● **Your instructions**:
Exactly the lines below from the line with "Основной зал MAIN" through the line with "Der Affe vom" must make up the answer, both ends included and pictures left out.

*** Opening of Raw data ***

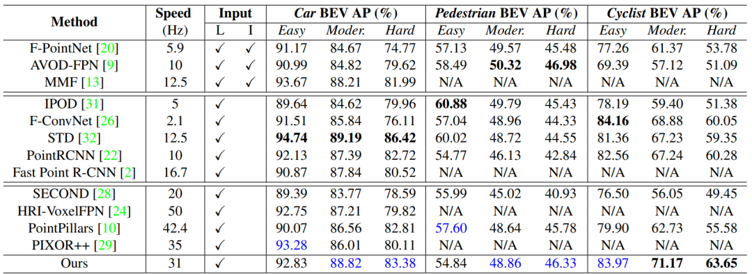 图9 HVNet 在KITTI 测试上的BEV成绩(汽车,2019年11月)
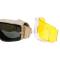 Le pack inclut trois écrans interchangeables. Utilisez le verre fumé en extérieur par temps ensoleillé. Passez au verre jaune pour augmenter les contrastes en sous-bois ou par temps couvert. Le verre transparent est idéal pour le jeu en CQB (intérieur) ou de nuit.
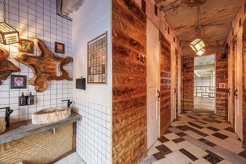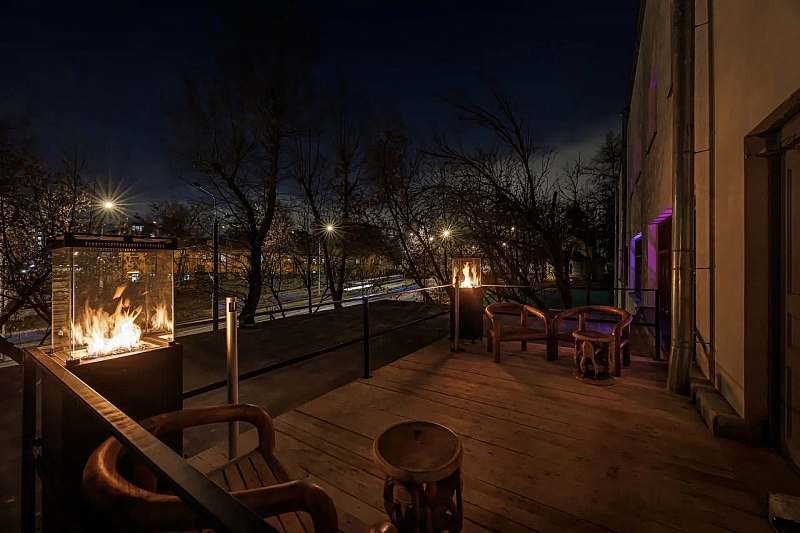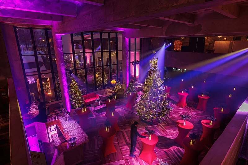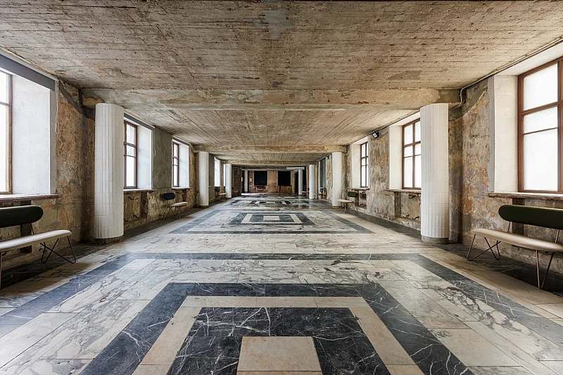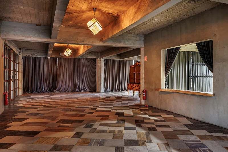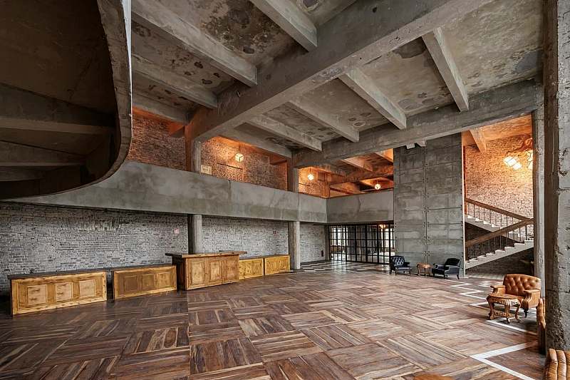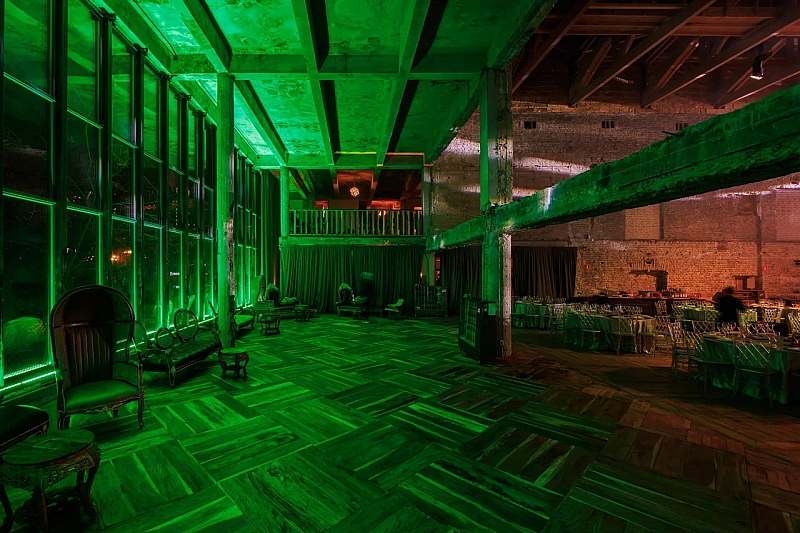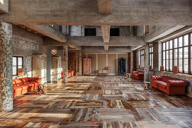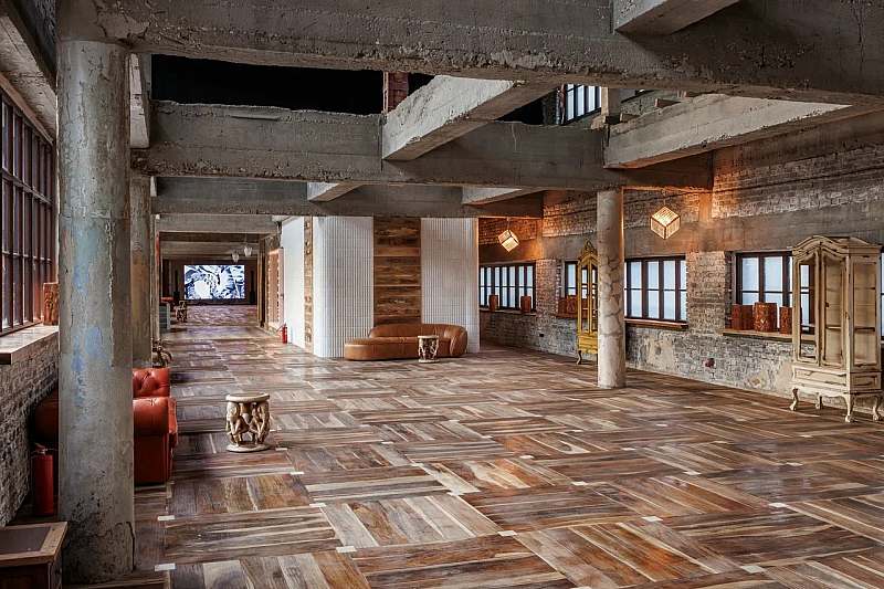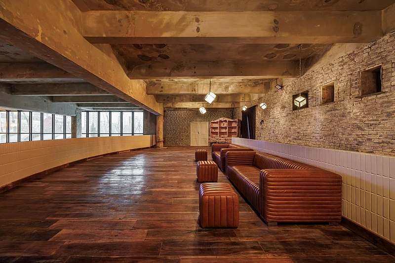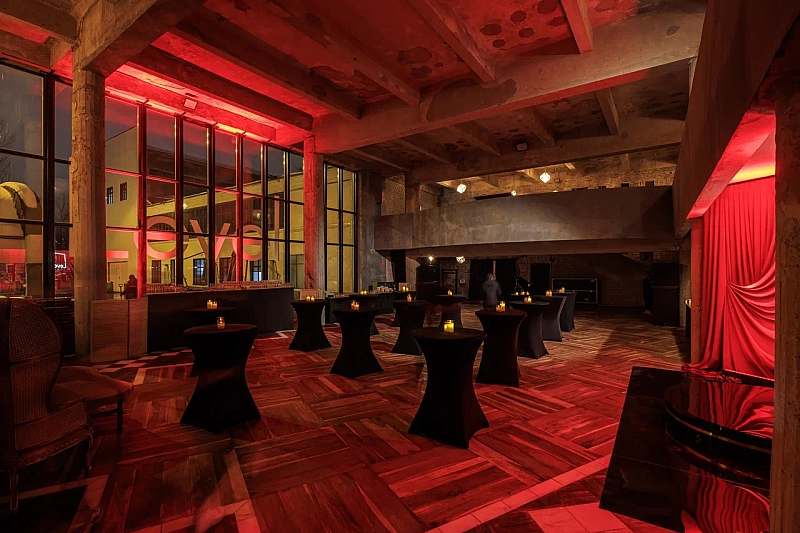 Основной зал MAIN HALL представляет собой масштабное индустриальное пространство с высокими кирпичными стенами и деревянными балками под потолком. Высота потолков около 13 метров усиливает ощущение масштаба, а большие окна и геометричная планировка подчёркивают стиль конструктивизма и добавляют залу воздуха и света. В отделке сочетаются бетон, кирпич, мраморное покрытие пола и тёплый деревянный паркет, благодаря чему интерьер выглядит минималистично, но при этом статусно и фотогенично.
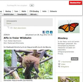 Der Affe vom Zürichberg – das ist kein Sozialneid, sondern Tatsache: Im Zürcher Zoo ist, wie der "Beobachter" berichtet, ein Kapuziner-Äffchen abgehauen. Jetzt macht es die Wälder am Zürichberg unsicher. Und bitte, liebe Zürcher Oberländer: Wenn ihr dem putzigen Tier begegnet, macht es nicht so wie Taglöhner Richi Müller im Jahr 1934, als er einen in Zürich entflohenen Schwarzen Panther stellte ""buebikernews" berichtete), sondern meldet euch beim Zoo Zürich (Telefon 0848 966 983).
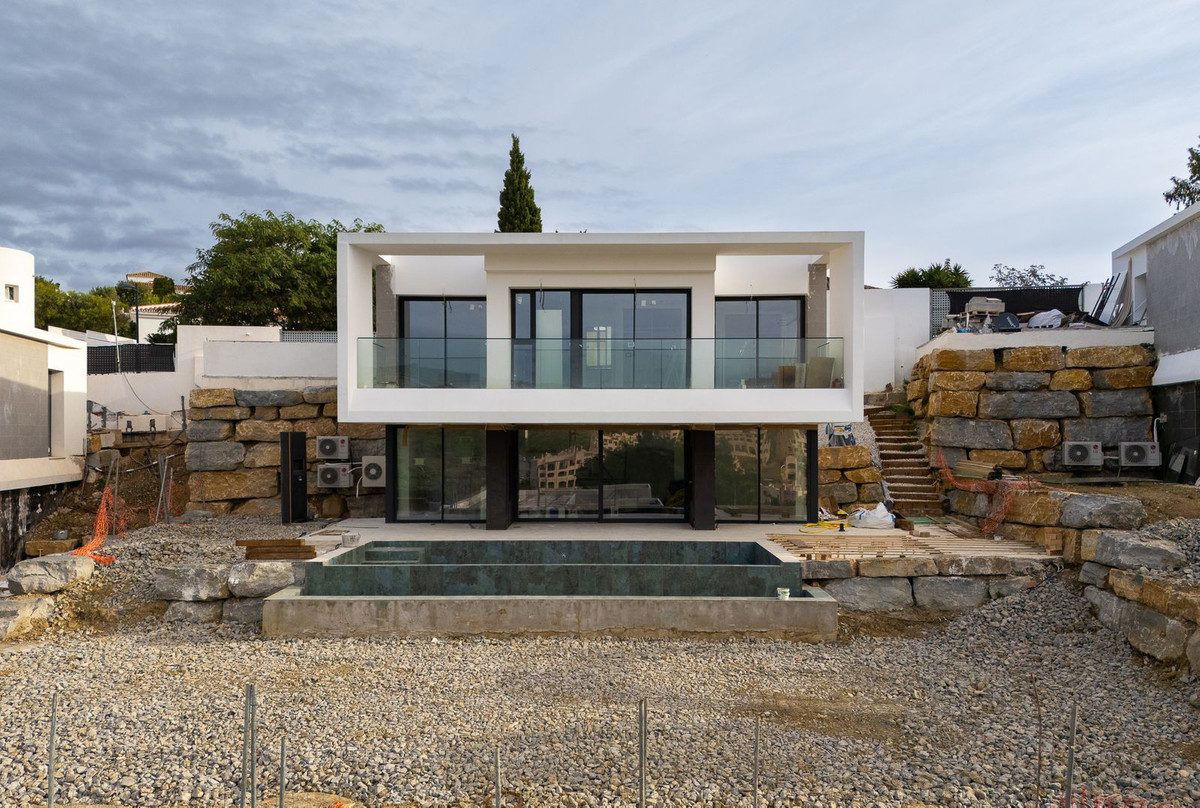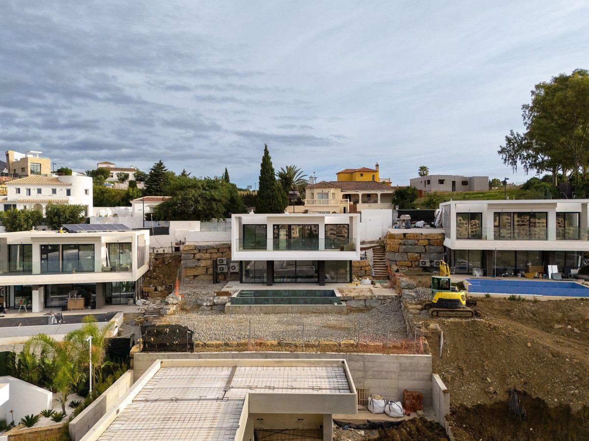 Currently under construction is this beautiful 4 bedroom villa for sale in Valle Romano Green Estepona. This beautiful project offers a selection of 8 exclusive southwest facing villas overlooking the golf course and the Mediterranean Sea. They are distributed over 3 levels, with 3 bedrooms on the upper floor, and 1 bedroom on the lower floor, plus a magnificent basement of 40 m2 with many possibilities for adaptation, bedroom, cinema room, games room, as well as having private terraces offering incredible views. Each villa sits on individual plots of almost 500 m2 and has more than 142 m2 built. This beautiful villa is characterised by its luminosity, large sunny terraces and a private garden with a magnificent saline water swimming pool.
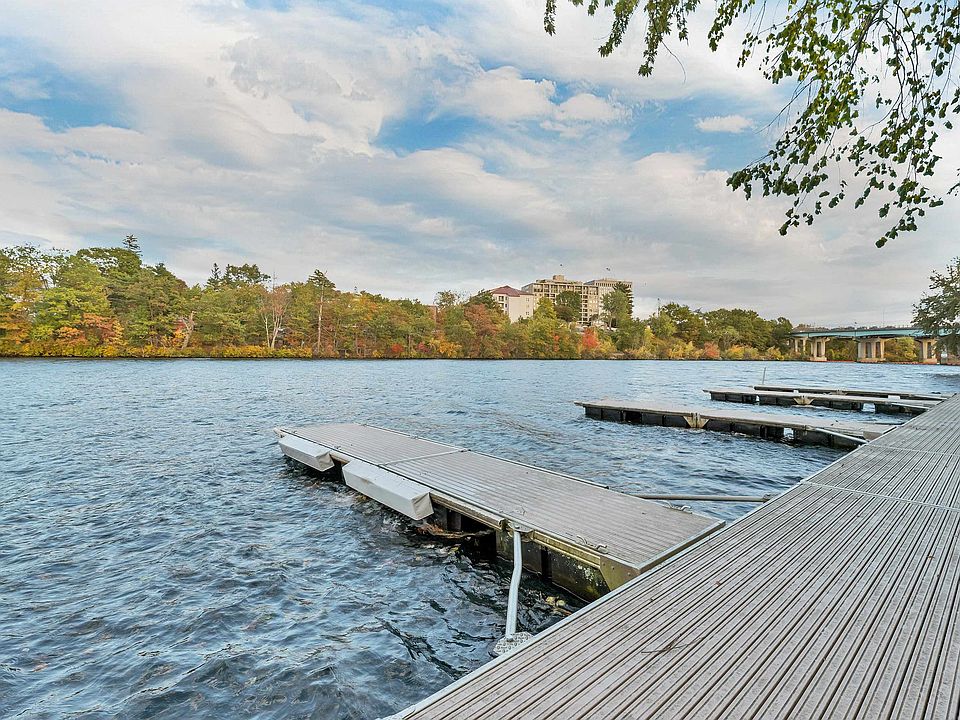 RARE WATERFRONT OPPORTUNITY on the Merrimack River! Enjoy luxury and convenience in this exceptional townhouse offering true one-level living with a PRIVATE INTERIOR ELEVATOR ON ALL LEVELS. Enter from the level garage into a spacious mudroom with a walk-in closet and an ideal versatile space now being used as an office space overlooking the water. Or enter from the welcoming foyer leading to the elevator and access to the main living levels. Upstairs, take in breathtaking river views from the open-concept fire-placed living and dining areas. Step out onto the expansive deck to relax, entertain, or watch the wide river flow slowly and consider taking your boat out for the day. As night falls watch the city lights shimmering and then take a walk to all that the city has to offer, from entertaining to lovely restaurants. The elegant kitchen is perfect for gatherings or quiet evenings at home. A half bath and laundry with built-ins complete this level. Arriving at the the top floor features a luxurious primary suite with a walk-in closet and private balcony—perfect for morning coffee or evening sunsets. Included on this level, a large comfortable second bedroom and its own full bath. Rarely available, this high-end riverfront home offers the best of both worlds: a serene, vacation-like feel with all the amenities and energy of city living just steps away. Showings begin this weekend 11/08/2025 with additional times to view at open houses Saturday 11a-1p and Sunday 2p-4p
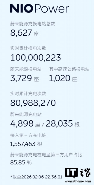 IT之家 2 月 6 日消息,蔚来创始人、董事长、CEO 李斌今日开启直播,宣布蔚来 1 亿次换电达成。
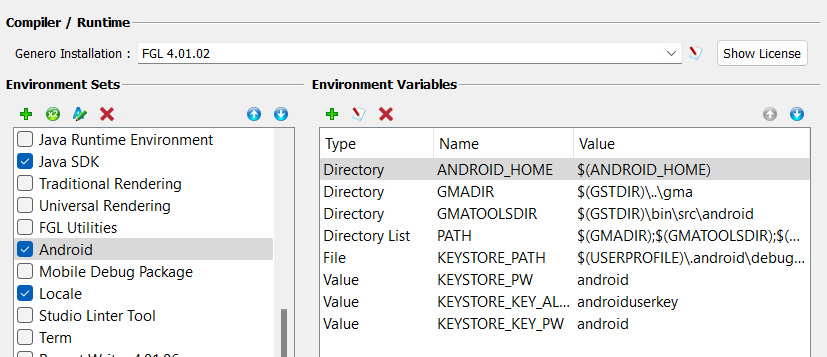Genero Mobile for Android requires Java SE Development Kit. To identify version requirements,
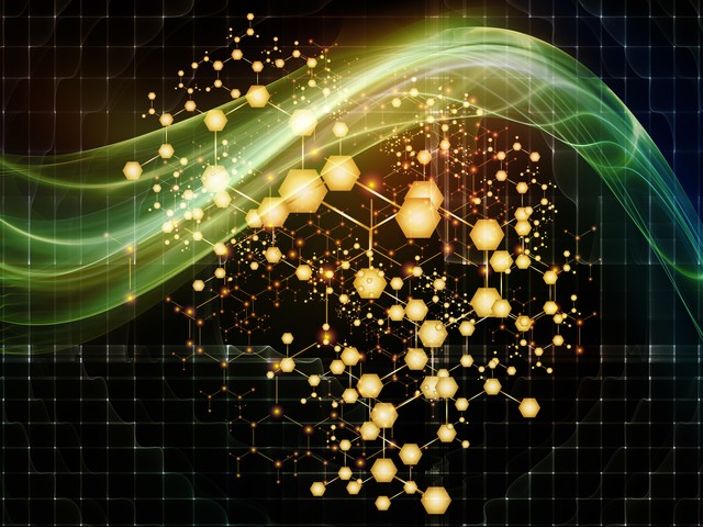 Molecular Structure series. Arrangements of abstract atoms into crystal network on the subject of science and technology.
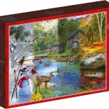 Fedezze fel a négy évszak szépségét egyetlen képen. Ez a kirakó precízen vágott darabokat, kellemes felületet és olyan motívumot kínál, amely az elsőtől az utolsó darabig szórakoztat. Kiegyensúlyozott nehézsége miatt felnőtteknek és haladó tinédzsereknek egyaránt megfelelő.
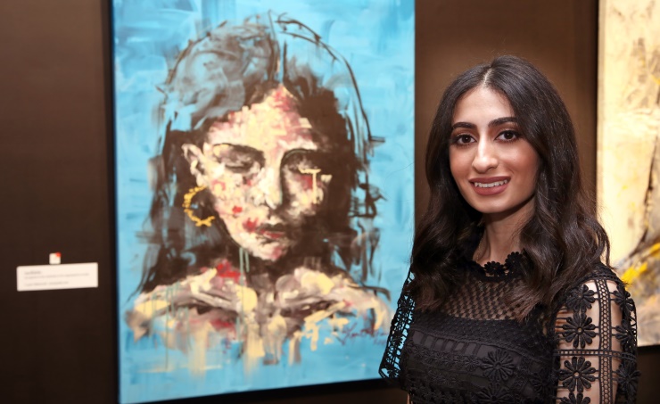 Donning a black mesh and lace dress and oozing confidence, Layal stood next to her paintings, beaming with pride as she was constantly complimented on her artwork.

*** Close of Raw data ***

● **Task output**:
 Основной зал MAIN HALL представляет собой масштабное индустриальное пространство с высокими кирпичными стенами и деревянными балками под потолком. Высота потолков около 13 метров усиливает ощущение масштаба, а большие окна и геометричная планировка подчёркивают стиль конструктивизма и добавляют залу воздуха и света. В отделке сочетаются бетон, кирпич, мраморное покрытие пола и тёплый деревянный паркет, благодаря чему интерьер выглядит минималистично, но при этом статусно и фотогенично.
 Der Affe vom Zürichberg – das ist kein Sozialneid, sondern Tatsache: Im Zürcher Zoo ist, wie der "Beobachter" berichtet, ein Kapuziner-Äffchen abgehauen. Jetzt macht es die Wälder am Zürichberg unsicher. Und bitte, liebe Zürcher Oberländer: Wenn ihr dem putzigen Tier begegnet, macht es nicht so wie Taglöhner Richi Müller im Jahr 1934, als er einen in Zürich entflohenen Schwarzen Panther stellte ""buebikernews" berichtete), sondern meldet euch beim Zoo Zürich (Telefon 0848 966 983).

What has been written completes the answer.